▶ _WORK ORDER_:
Output all of the data below without changing a word, and exclude the pictures.

▶ _INFORMATION_:
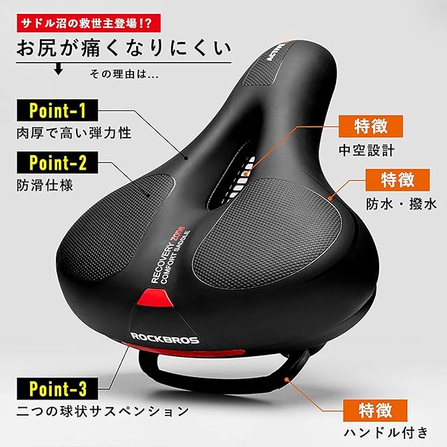 商品名:ROCKBROS(ロックブロス)自転車 サドル 超肉厚 痛くない 低反発 サドルクッション 衝撃吸収 穴開き 通気 ソフト 防水 バック反射テープ クロスバイク マウンテンバイク ママチャリ (レッド)
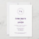 Presenta a tu boda con un toque de sofisticación y encanto retro utilizando la invitación de recepción Minimalista en un círculo violeta. Esta elegante invitación presenta un elegante diseño basado en texto, resaltado por un monograma de las iniciales de la pareja en la parte superior, rodeado de delicadas líneas violetas. Los nombres de la pareja están escritos en un elegante estilo retro, añadiendo un toque único e intemporal a la invitación. La parte trasera de la invitación se deja en blanco para que se vea limpio y sin demasiadas precisiones. Perfecto para parejas que aprecian la simplicidad y la elegancia, esta invitación marca el tono para una celebración memorable y elegante.
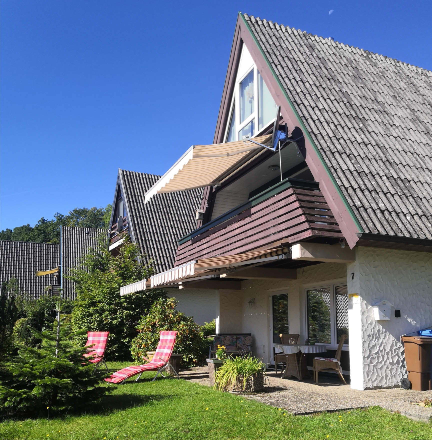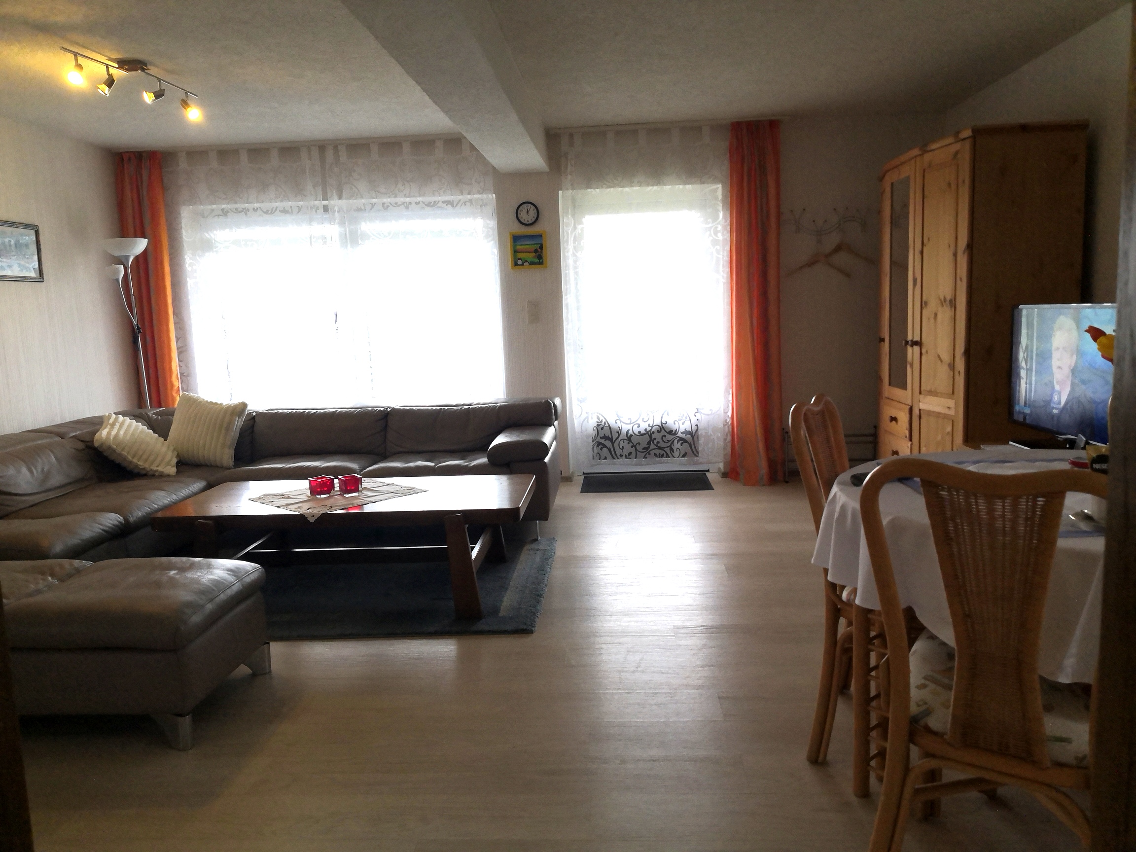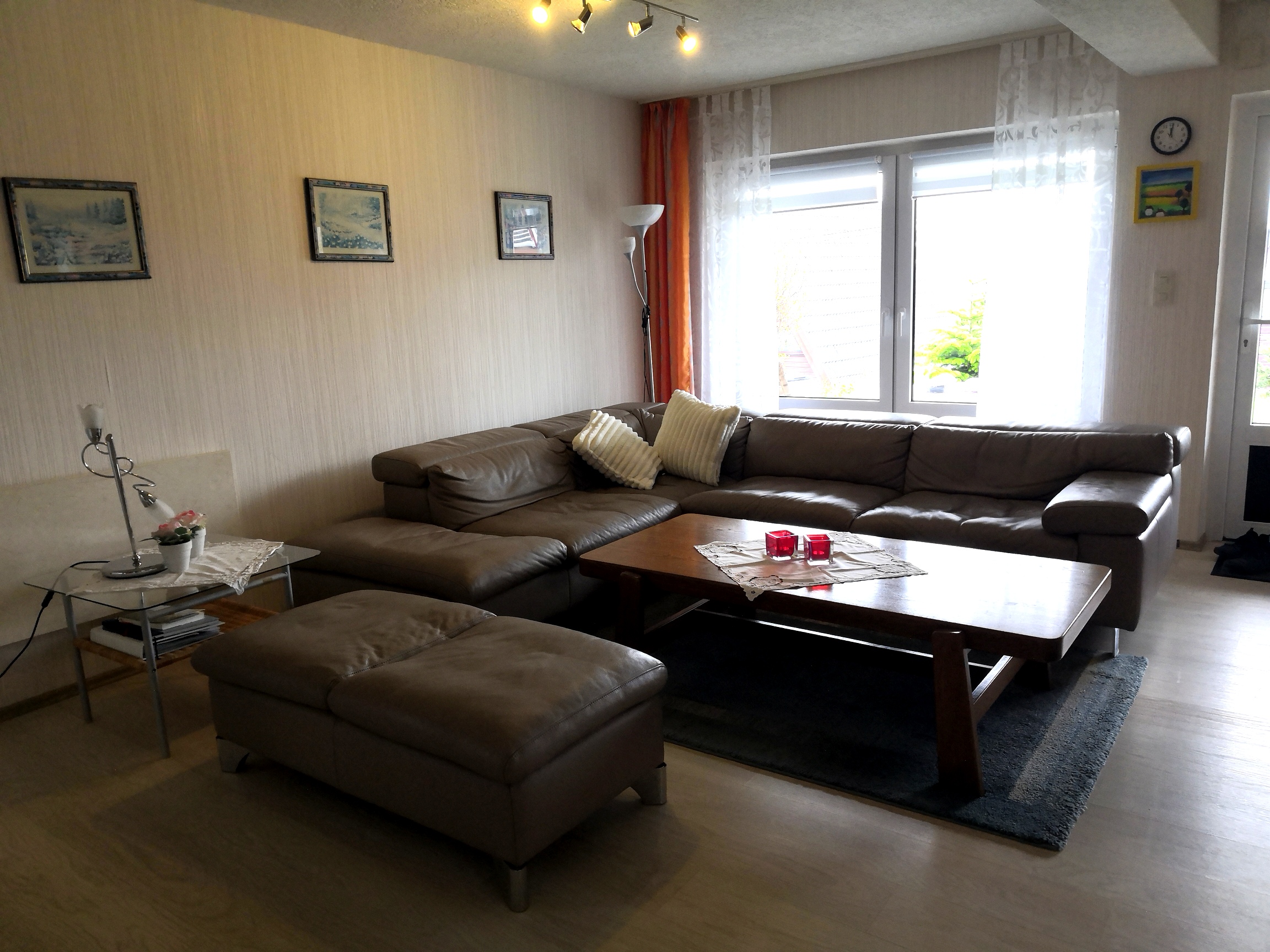 Unsere schöne, helle Nichraucher-Souterrain-Ferienwohnung hat ca. 55 qm und bietet Platz für bis zu 4 Personen. Die Wohnung befindet sich in ruhiger Südhanglage mit eigenem Eingang. Das Schlafzimmer verfügt über ein Boxspringbett (1,60x2,00m) und bietet direkten Zugang zur Dusche und zum WC. Im Wohnzimmer befindet sich eine grossräumige Eck-Ledercouch mit einem Hocker, ein Sat-Flachbild-TV, ein DVD Player und ein Radio mit CD-Player. 2 Gästeklappbetten können zudem im Wohnzimmer aufgestellt und genutzt werden (auch alternativ für Schnarcher). Die moderne Küchenzeile ist komplett ausgestattet mit Geschirrspüler, Mikrowelle, Backofen und Kühlschrank mit Gefrierfach. Außerdem gibt es eine Kaffeemaschine und (Senseo), einen Toaster, einen Sodastreamer sowie imeinen Wasser- und Eierkocher. Der großzügige Essbereich ist mit Rattanmöbeln ausgestattet.
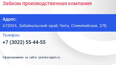 Забком, производственная компания по адресу 672014, Забайкальский край, Чита, Олимпийская, 27Б в дальнейшем Организация, размещена в следующих категориях:
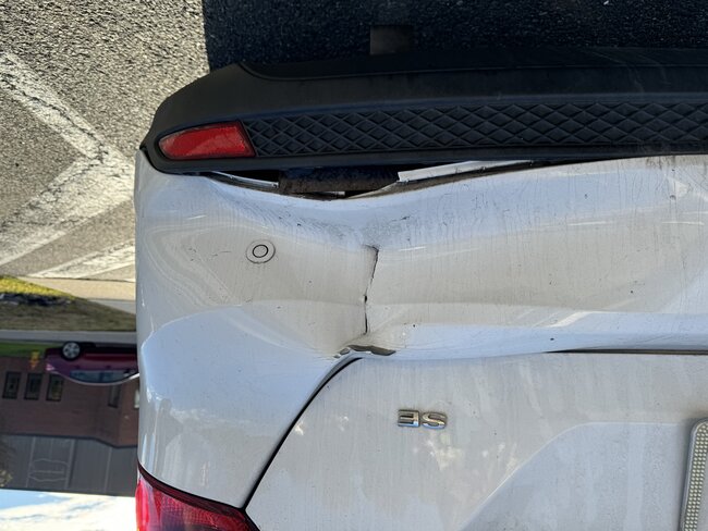 That is the plastic cover that is damaged. There are a couple of options. One is to take a hot day, then use a heat gun and slowly heat up the areas that are deformed and move the pieces back into place. Then you drill holes on either side of the crack and use small zip ties to "stitch" it together. Or you can remove the rear taillights (remove the access cover, remove the two screws and pull it out of the clips, then disconnect the connectors and set them inside the car. Then remove the screws from the bumper cover as shown and with a helper you then pop the clips free around the cover and remove it. Disconnect the parking sensors and set it aside. Now you reverse that process to install the replacement. Takes roughly an hour if you are not practiced with it. I would suggest finding a you pull it type yard and going there to get the replacement. That way you can "practice" on one before you take yours apart. Or you can use www. Car-part. Com and enter in the vehicle info (2013 Ford Focus, Bumper assy, hatchback with park assist) and see how many yards in your area have one on hand. I looked quick and found 2 of them in silver within 50 miles of me so you should find a few. Have them pull it and you go pick it up. Then do the same removal and install on your car. The average price in the northeast was around $200.00. At a you-pull-it they are about $75.00. Hope that helps. Oh, one thing they don't say. Take some painters tape and go around the edge of the bumper cover near the lights and on the body, that way when you are removing or installing, you minimize the possibility of scratching the paint with the clips if you slip.
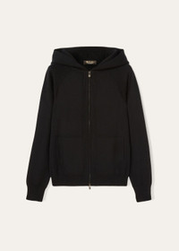 Casual bomber in baby cashmere styled with a relaxed cut. A light-weight piece that is perfect teamed with the Merano trouser to create a refined tracksuit for leisure time. Product details Rare, supersoft baby cashmere is obtained solely from the underfleece of Hircus goat kids Zip fastening Rib-knit hood, cuffs, hem and zip edging Raglan sleeves highlighted with English rib-knit motif Composition: 100% cashmere Model wears an IT 40 Model measures: height 5′ 11″/ 180cm, bust 31.9″/ 81cm, waist 22.8″/ 58cm, hips 35.0″/ 89cm. Made in Italy Product code: FAG3599

▶ _ANSWER BOX_:
 商品名:ROCKBROS(ロックブロス)自転車 サドル 超肉厚 痛くない 低反発 サドルクッション 衝撃吸収 穴開き 通気 ソフト 防水 バック反射テープ クロスバイク マウンテンバイク ママチャリ (レッド)
 Presenta a tu boda con un toque de sofisticación y encanto retro utilizando la invitación de recepción Minimalista en un círculo violeta. Esta elegante invitación presenta un elegante diseño basado en texto, resaltado por un monograma de las iniciales de la pareja en la parte superior, rodeado de delicadas líneas violetas. Los nombres de la pareja están escritos en un elegante estilo retro, añadiendo un toque único e intemporal a la invitación. La parte trasera de la invitación se deja en blanco para que se vea limpio y sin demasiadas precisiones. Perfecto para parejas que aprecian la simplicidad y la elegancia, esta invitación marca el tono para una celebración memorable y elegante.
 Unsere schöne, helle Nichraucher-Souterrain-Ferienwohnung hat ca. 55 qm und bietet Platz für bis zu 4 Personen. Die Wohnung befindet sich in ruhiger Südhanglage mit eigenem Eingang. Das Schlafzimmer verfügt über ein Boxspringbett (1,60x2,00m) und bietet direkten Zugang zur Dusche und zum WC. Im Wohnzimmer befindet sich eine grossräumige Eck-Ledercouch mit einem Hocker, ein Sat-Flachbild-TV, ein DVD Player und ein Radio mit CD-Player. 2 Gästeklappbetten können zudem im Wohnzimmer aufgestellt und genutzt werden (auch alternativ für Schnarcher). Die moderne Küchenzeile ist komplett ausgestattet mit Geschirrspüler, Mikrowelle, Backofen und Kühlschrank mit Gefrierfach. Außerdem gibt es eine Kaffeemaschine und (Senseo), einen Toaster, einen Sodastreamer sowie imeinen Wasser- und Eierkocher. Der großzügige Essbereich ist mit Rattanmöbeln ausgestattet.
 Забком, производственная компания по адресу 672014, Забайкальский край, Чита, Олимпийская, 27Б в дальнейшем Организация, размещена в следующих категориях:
 That is the plastic cover that is damaged. There are a couple of options. One is to take a hot day, then use a heat gun and slowly heat up the areas that are deformed and move the pieces back into place. Then you drill holes on either side of the crack and use small zip ties to "stitch" it together. Or you can remove the rear taillights (remove the access cover, remove the two screws and pull it out of the clips, then disconnect the connectors and set them inside the car. Then remove the screws from the bumper cover as shown and with a helper you then pop the clips free around the cover and remove it. Disconnect the parking sensors and set it aside. Now you reverse that process to install the replacement. Takes roughly an hour if you are not practiced with it. I would suggest finding a you pull it type yard and going there to get the replacement. That way you can "practice" on one before you take yours apart. Or you can use www. Car-part. Com and enter in the vehicle info (2013 Ford Focus, Bumper assy, hatchback with park assist) and see how many yards in your area have one on hand. I looked quick and found 2 of them in silver within 50 miles of me so you should find a few. Have them pull it and you go pick it up. Then do the same removal and install on your car. The average price in the northeast was around $200.00. At a you-pull-it they are about $75.00. Hope that helps. Oh, one thing they don't say. Take some painters tape and go around the edge of the bumper cover near the lights and on the body, that way when you are removing or installing, you minimize the possibility of scratching the paint with the clips if you slip.
 Casual bomber in baby cashmere styled with a relaxed cut. A light-weight piece that is perfect teamed with the Merano trouser to create a refined tracksuit for leisure time. Product details Rare, supersoft baby cashmere is obtained solely from the underfleece of Hircus goat kids Zip fastening Rib-knit hood, cuffs, hem and zip edging Raglan sleeves highlighted with English rib-knit motif Composition: 100% cashmere Model wears an IT 40 Model measures: height 5′ 11″/ 180cm, bust 31.9″/ 81cm, waist 22.8″/ 58cm, hips 35.0″/ 89cm. Made in Italy Product code: FAG3599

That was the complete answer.